EXERCISE BRIEF: Using the records below, write out again exactly the lines that begin at the line containing "شكل (٣) سنيبلة جالسة، تحتوي على زهرة كاملة." and end at the line containing "6 березня на", and no other lines.

[Opening EXCERPTED DATA section]

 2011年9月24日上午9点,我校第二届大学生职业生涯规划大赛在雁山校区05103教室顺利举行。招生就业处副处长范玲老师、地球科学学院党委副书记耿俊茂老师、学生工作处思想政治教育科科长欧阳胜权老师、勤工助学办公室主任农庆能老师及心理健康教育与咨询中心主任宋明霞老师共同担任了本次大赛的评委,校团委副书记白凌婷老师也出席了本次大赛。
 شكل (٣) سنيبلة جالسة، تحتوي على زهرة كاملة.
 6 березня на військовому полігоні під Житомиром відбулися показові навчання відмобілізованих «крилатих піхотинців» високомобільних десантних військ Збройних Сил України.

[Closing EXCERPTED DATA section]
[Opening EXCERPTED DATA section]

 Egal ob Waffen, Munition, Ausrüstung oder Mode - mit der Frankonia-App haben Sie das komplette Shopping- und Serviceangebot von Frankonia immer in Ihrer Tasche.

[Closing EXCERPTED DATA section]
[Opening EXCERPTED DATA section]

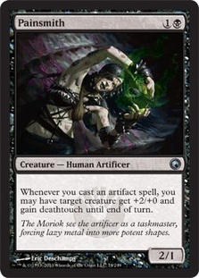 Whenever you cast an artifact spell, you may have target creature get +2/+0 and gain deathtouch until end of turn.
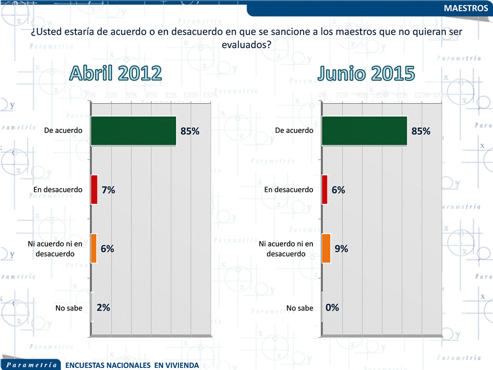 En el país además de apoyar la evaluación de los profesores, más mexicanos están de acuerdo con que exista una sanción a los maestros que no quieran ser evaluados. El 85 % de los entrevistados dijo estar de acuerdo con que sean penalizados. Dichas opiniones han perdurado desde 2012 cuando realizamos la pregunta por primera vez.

[Closing EXCERPTED DATA section]

COMPLETED TASK:
 شكل (٣) سنيبلة جالسة، تحتوي على زهرة كاملة.
 6 березня на військовому полігоні під Житомиром відбулися показові навчання відмобілізованих «крилатих піхотинців» високомобільних десантних військ Збройних Сил України.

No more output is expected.